Start at the line in the entries below that contains "Photoshop将沙滩美女婚片调制出柔美的青黄色效果", stop at the line that contains "Canvas Gebakken geitenkaas", and output exactly the lines in that span, both ends included.

> **Collection entries**:
====================
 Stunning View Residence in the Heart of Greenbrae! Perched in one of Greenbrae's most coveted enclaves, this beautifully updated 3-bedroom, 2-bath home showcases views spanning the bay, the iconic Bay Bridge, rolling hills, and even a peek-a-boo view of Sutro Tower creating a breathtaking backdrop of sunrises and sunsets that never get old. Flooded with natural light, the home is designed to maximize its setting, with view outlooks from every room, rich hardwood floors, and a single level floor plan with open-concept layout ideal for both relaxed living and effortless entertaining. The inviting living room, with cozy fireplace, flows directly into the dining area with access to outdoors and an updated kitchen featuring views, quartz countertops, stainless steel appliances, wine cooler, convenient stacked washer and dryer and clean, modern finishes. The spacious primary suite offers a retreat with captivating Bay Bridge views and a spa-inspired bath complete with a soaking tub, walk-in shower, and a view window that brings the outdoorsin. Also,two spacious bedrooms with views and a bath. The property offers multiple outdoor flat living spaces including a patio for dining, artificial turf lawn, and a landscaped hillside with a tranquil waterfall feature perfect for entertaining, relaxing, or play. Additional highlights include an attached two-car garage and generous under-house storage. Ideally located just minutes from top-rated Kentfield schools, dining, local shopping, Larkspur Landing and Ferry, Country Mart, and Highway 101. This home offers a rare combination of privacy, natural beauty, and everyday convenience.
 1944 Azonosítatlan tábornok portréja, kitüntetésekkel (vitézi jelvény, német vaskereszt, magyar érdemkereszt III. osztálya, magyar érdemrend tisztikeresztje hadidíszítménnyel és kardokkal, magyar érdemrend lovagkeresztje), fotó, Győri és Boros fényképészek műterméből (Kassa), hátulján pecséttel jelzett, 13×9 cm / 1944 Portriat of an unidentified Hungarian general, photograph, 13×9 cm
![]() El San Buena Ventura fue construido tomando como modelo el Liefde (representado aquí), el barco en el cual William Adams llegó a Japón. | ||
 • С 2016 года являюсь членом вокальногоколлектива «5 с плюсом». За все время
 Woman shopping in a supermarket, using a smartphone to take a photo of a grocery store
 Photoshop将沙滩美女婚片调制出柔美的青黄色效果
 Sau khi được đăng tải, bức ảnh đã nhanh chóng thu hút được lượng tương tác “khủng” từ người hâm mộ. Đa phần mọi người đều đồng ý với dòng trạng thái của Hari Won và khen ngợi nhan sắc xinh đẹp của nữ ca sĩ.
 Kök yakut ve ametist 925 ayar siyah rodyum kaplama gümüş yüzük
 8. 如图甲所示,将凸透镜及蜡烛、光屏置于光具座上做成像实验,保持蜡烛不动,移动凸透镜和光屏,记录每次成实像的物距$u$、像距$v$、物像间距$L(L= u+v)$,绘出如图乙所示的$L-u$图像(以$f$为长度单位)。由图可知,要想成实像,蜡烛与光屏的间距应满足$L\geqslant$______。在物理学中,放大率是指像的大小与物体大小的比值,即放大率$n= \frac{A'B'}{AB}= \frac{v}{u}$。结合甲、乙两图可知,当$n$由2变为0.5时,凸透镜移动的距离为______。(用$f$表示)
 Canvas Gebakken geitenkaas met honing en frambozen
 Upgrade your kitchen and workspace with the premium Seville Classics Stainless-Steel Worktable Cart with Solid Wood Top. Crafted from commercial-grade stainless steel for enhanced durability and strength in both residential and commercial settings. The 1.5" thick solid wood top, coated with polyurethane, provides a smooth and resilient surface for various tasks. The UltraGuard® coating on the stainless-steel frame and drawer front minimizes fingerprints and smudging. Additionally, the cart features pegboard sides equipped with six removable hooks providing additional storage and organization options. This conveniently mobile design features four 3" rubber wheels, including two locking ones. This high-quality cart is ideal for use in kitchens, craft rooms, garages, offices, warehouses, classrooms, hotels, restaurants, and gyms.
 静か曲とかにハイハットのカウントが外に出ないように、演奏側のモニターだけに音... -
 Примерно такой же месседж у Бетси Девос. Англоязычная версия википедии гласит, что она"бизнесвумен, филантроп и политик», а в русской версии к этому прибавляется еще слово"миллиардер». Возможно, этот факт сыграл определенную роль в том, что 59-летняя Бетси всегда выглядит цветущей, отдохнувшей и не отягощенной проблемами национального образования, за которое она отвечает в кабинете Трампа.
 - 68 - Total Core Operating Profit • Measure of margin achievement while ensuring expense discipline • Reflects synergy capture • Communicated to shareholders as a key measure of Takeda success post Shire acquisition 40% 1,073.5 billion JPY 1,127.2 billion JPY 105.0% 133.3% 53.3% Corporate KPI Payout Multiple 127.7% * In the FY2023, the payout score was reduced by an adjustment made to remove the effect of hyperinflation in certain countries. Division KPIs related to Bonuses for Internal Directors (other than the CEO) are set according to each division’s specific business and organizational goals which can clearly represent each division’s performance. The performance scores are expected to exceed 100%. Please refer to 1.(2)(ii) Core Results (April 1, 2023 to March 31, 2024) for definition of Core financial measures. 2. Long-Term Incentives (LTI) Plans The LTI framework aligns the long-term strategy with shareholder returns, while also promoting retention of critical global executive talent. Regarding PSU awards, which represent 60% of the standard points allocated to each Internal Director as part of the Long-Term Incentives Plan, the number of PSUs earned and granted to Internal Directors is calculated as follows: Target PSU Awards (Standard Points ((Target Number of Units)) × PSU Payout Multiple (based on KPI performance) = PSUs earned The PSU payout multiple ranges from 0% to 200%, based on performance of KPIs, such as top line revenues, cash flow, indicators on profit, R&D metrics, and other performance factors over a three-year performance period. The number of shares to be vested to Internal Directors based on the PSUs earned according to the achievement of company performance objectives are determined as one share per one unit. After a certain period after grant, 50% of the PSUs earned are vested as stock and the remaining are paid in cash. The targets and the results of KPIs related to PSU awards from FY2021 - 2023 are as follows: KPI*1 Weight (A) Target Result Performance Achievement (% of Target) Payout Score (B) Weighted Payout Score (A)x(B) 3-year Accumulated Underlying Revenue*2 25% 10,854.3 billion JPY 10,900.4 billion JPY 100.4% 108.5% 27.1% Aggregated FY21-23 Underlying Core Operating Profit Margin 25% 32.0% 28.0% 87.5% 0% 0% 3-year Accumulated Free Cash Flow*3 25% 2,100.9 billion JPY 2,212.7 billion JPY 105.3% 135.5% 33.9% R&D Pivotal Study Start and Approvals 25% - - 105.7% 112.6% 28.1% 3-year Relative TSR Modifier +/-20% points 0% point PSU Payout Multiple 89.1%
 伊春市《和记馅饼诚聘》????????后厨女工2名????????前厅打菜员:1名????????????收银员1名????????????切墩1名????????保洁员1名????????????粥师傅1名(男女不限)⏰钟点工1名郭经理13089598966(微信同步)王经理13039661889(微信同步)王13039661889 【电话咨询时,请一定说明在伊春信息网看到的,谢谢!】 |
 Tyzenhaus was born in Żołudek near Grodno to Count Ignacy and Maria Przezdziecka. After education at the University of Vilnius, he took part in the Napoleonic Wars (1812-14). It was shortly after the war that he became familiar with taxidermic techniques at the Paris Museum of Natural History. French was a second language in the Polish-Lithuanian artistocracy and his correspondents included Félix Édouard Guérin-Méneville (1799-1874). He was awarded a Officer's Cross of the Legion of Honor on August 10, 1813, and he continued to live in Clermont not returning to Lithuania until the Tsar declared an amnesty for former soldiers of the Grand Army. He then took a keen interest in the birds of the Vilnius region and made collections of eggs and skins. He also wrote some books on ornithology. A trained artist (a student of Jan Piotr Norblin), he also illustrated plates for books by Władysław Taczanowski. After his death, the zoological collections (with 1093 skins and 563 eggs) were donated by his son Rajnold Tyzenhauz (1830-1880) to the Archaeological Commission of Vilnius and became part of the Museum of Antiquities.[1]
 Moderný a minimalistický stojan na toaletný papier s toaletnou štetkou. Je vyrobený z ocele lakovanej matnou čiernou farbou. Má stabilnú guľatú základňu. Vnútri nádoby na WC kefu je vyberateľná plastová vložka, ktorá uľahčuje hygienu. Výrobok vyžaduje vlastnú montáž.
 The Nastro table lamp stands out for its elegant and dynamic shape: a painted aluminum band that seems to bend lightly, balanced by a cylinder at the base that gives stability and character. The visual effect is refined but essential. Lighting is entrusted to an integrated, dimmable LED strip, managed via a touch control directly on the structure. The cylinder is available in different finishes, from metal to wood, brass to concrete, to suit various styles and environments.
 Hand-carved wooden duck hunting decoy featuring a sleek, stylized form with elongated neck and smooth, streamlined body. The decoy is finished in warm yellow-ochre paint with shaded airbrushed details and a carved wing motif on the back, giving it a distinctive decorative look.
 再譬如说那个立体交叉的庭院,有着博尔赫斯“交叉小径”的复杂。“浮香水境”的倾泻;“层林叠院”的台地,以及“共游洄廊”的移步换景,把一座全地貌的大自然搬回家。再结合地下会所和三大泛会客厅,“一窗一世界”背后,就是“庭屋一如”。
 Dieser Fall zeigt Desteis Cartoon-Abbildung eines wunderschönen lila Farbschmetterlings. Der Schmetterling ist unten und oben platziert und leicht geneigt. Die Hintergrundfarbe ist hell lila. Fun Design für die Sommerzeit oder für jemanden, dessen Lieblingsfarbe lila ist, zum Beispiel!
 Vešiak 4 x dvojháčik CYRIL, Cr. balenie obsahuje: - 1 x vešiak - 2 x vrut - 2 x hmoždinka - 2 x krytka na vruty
====================
> **WORKED SOLUTION**:
 Photoshop将沙滩美女婚片调制出柔美的青黄色效果
 Sau khi được đăng tải, bức ảnh đã nhanh chóng thu hút được lượng tương tác “khủng” từ người hâm mộ. Đa phần mọi người đều đồng ý với dòng trạng thái của Hari Won và khen ngợi nhan sắc xinh đẹp của nữ ca sĩ.
 Kök yakut ve ametist 925 ayar siyah rodyum kaplama gümüş yüzük
 8. 如图甲所示,将凸透镜及蜡烛、光屏置于光具座上做成像实验,保持蜡烛不动,移动凸透镜和光屏,记录每次成实像的物距$u$、像距$v$、物像间距$L(L= u+v)$,绘出如图乙所示的$L-u$图像(以$f$为长度单位)。由图可知,要想成实像,蜡烛与光屏的间距应满足$L\geqslant$______。在物理学中,放大率是指像的大小与物体大小的比值,即放大率$n= \frac{A'B'}{AB}= \frac{v}{u}$。结合甲、乙两图可知,当$n$由2变为0.5时,凸透镜移动的距离为______。(用$f$表示)
 Canvas Gebakken geitenkaas met honing en frambozen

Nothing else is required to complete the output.